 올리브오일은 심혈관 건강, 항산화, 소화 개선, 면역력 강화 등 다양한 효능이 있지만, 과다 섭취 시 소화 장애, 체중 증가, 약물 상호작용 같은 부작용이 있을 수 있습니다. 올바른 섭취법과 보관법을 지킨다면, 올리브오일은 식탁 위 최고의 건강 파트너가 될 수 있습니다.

---

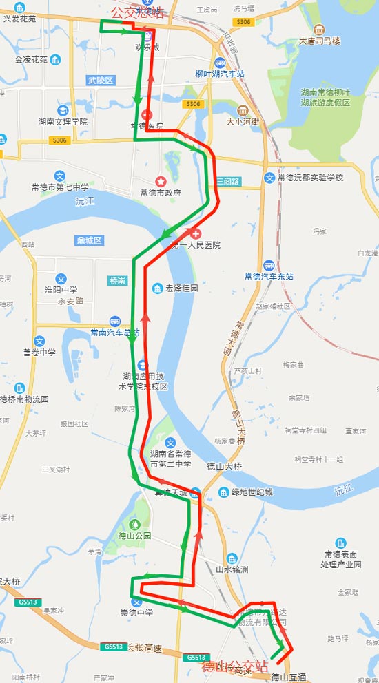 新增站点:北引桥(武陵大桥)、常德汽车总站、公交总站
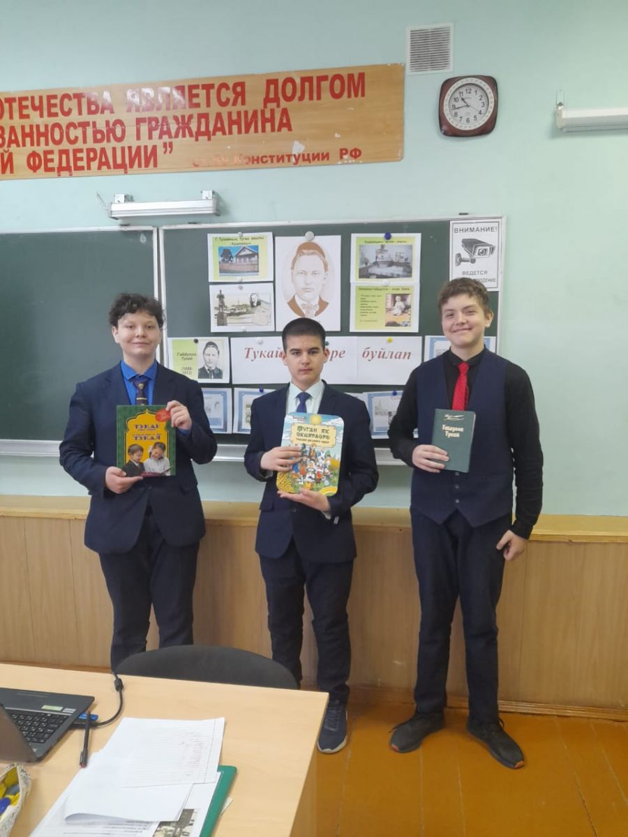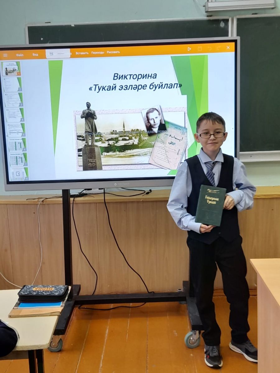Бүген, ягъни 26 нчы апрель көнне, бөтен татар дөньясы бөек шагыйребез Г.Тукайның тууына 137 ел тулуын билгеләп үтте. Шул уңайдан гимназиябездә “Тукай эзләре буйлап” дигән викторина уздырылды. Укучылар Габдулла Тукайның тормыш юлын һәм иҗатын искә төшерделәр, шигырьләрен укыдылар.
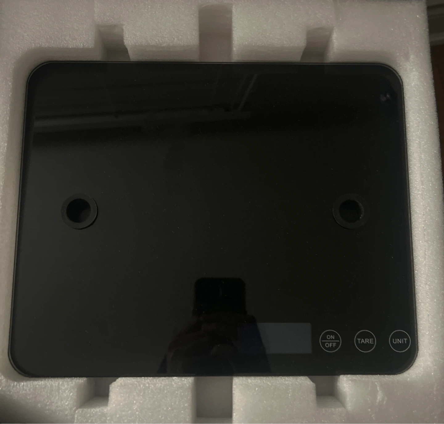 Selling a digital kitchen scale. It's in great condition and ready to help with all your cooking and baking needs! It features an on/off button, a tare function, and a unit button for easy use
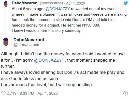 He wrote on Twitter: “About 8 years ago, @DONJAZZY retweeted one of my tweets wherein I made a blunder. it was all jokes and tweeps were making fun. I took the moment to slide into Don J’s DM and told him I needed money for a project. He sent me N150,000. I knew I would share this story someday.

### Goal of the exercise
Your copy should hold the lines from the one with "Selling a digital" up to and including the one with "He wrote on", exactly as in the data above, and no pictures.

### Exercise answer
 Selling a digital kitchen scale. It's in great condition and ready to help with all your cooking and baking needs! It features an on/off button, a tare function, and a unit button for easy use
 He wrote on Twitter: “About 8 years ago, @DONJAZZY retweeted one of my tweets wherein I made a blunder. it was all jokes and tweeps were making fun. I took the moment to slide into Don J’s DM and told him I needed money for a project. He sent me N150,000. I knew I would share this story someday.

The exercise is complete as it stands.